In order to calculate the probability values we only need the values for the standard deviation for the angle and for the distance (c in the Figure 18).

For the value of the angle, we examined the histogram (see Figure 26) and we choose the value of the smallest value 0 and the highest value 45. We then calculated the mean of those two values: 22.5.

We now need to calculate the value of the standard deviation to have a probability of 0.7 with this angle difference =22.5. The result is c=26.64. That is the value for this standard deviation.

For the value of the standard deviation for the distance, we took the value 25 because it is the highest peak on the distances histogram (see Figure 27) and because is close to the mean. As with the angle, we calculated the probability of 0.7 for this value and the result is c=30. That is the value that we will use for the standard deviation for the difference in length.

4.3. Results

NOTE: we only present results for step 1 and 2.

4.3.1. The truth matrix

The Truth matrix is the matrix with the true connections of the bvp. It is calculated by looking at the image and creating the true connection matrix (see 3.3.4) by hand. This matrix will be used to calculate the percentage of the connections that we found and the level of truth in our computer-derived calculation matrix.
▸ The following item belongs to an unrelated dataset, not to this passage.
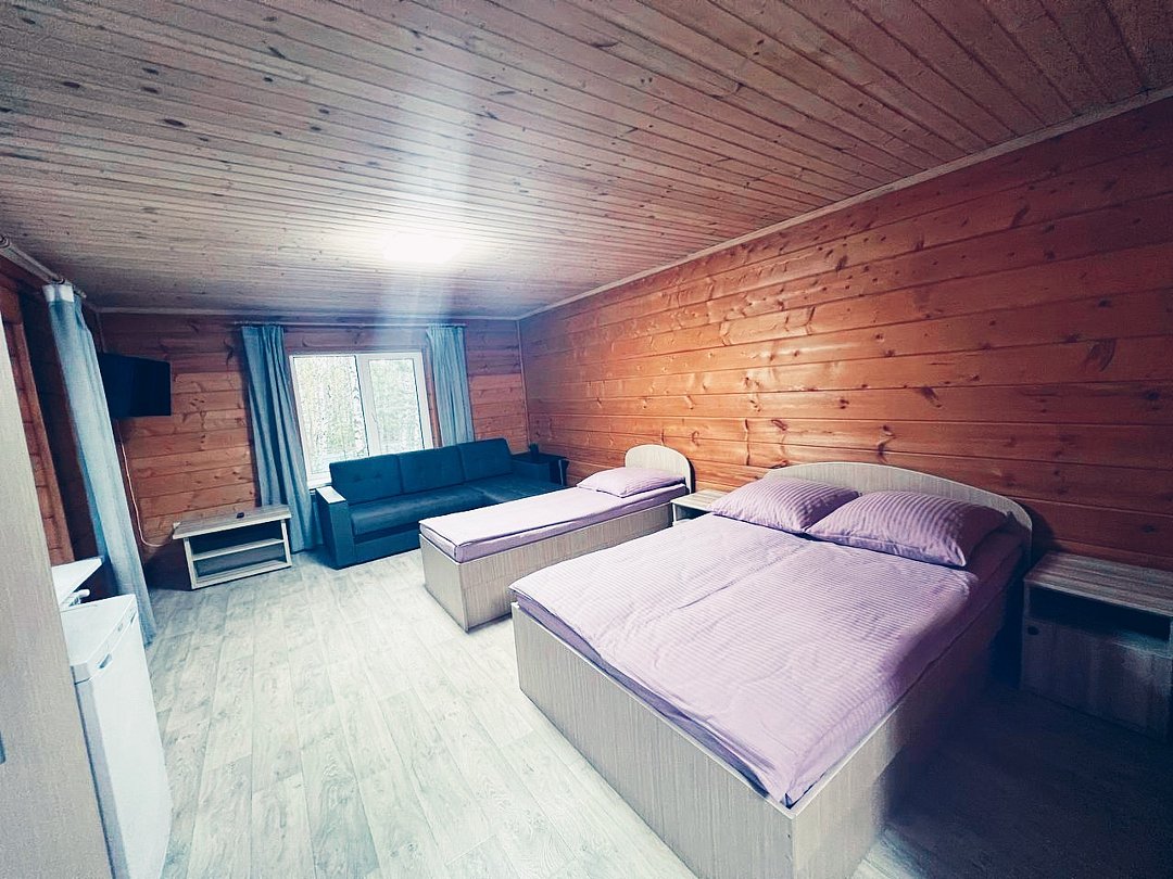 В номерном фонде представлены комнаты категории «Стандарт», «Полулюкс» и «Люкс», а также коттеджи и дома типа A-frame. Проживание включает двукратное питание.

4.3.2. Evaluation scheme and Calculation of error rates

When each image is analyzed, the algorithm used to calculate the rates of success, failure and missing of the connections is the following one:

- First we check on the truth matrix to see how many connections there are.

- Second, we check how many connections are the same in the truth matrix and in the connection matrix and count them. These are the good connections.

- Third, we count how many connections are in the truth matrix and not in the connection matrix. These connections are the missing connections.

- Fourth, we count how many connections are in the connection matrix and not in the truth matrix. These are the bad connections.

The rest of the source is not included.